[PATCH] arm: mm: refactor v7 cache cleaning ops to use way/index sequence

Tue Nov 19 12:35:02 EST 2013

On Tue, Nov 19, 2013 at 03:29:53PM +0000, Lorenzo Pieralisi wrote:
> Set-associative caches on all v7 implementations map the index bits
> to physical addresses LSBs and tag bits to MSBs.
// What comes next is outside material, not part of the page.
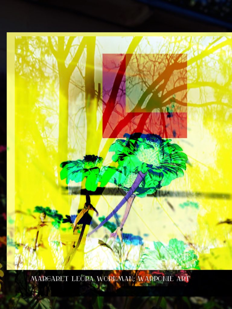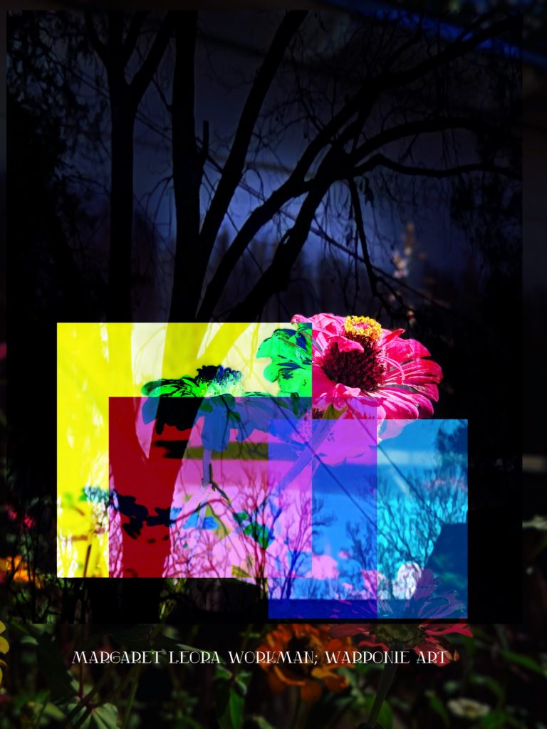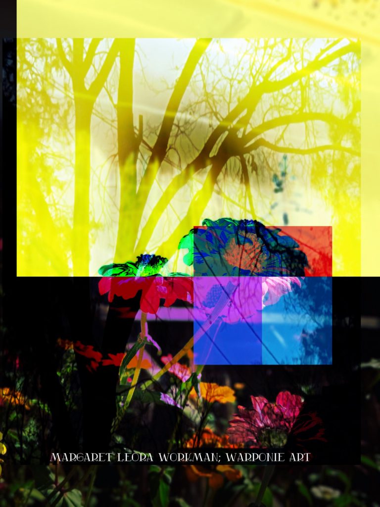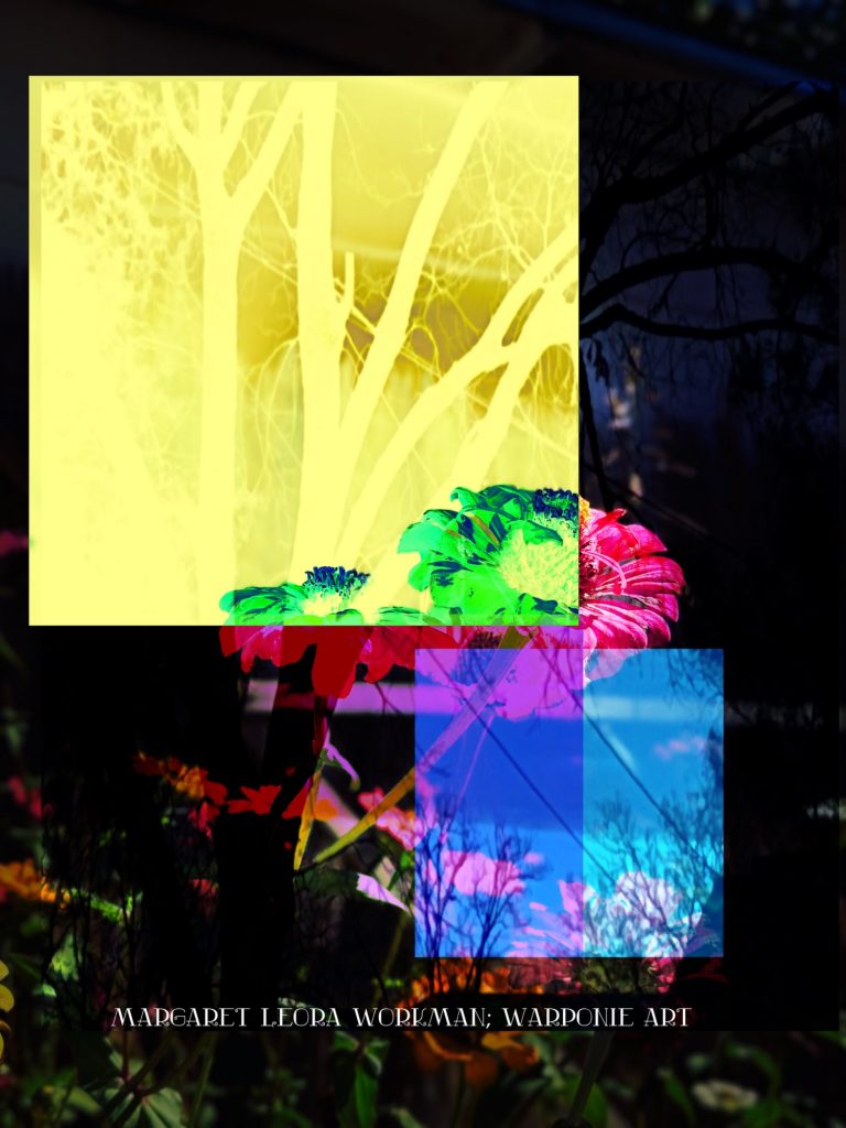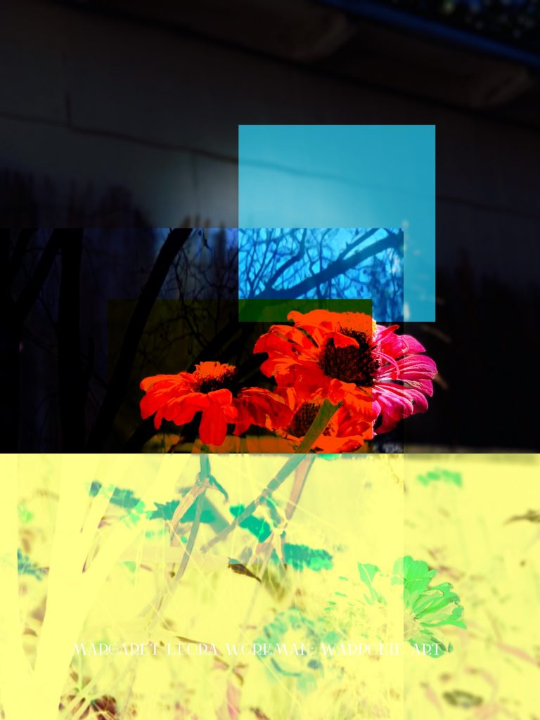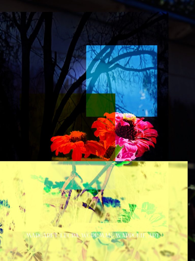 I blended these photos together on phonto that I had taken and also some squares that I added into the picture as well. The zinnias are of my zinnias that I had planted this last summer, my bathroom door and a tree that is in my alley. This door is so nice! I forgot what it looked like before my dog Poppy decided to mangle it and splinter it. It’s my fault for tying his leash near the door.

On most systems with
> sane DRAM controller configurations, this means that the current v7
> cache flush routine using set/way operations triggers a DRAM memory
> controller precharge/activate for every cache line writeback since the
> cache routine cleans lines by first fixing the index and then looping
> through ways.
> 
> Given the random content of cache tags, swapping the order between
> indexes and ways loops do not prevent DRAM pages precharge and
> activate cycles but at least, on average, improves the chances that
> either multiple lines hit the same page or multiple lines belong to
> different DRAM banks, improving throughput significantly.
> 
> This patch swaps the inner loops in the v7 cache flushing routine to
> carry out the clean operations first on all sets belonging to a given
> way (looping through sets) and then decrementing the way.
> 
> Benchmarks showed that by swapping the ordering in which sets and ways
> are decremented in the v7 cache flushing routine, that uses set/way
> operations, time required to flush caches is reduced significantly,
> owing to improved writebacks throughput to the DRAM controller.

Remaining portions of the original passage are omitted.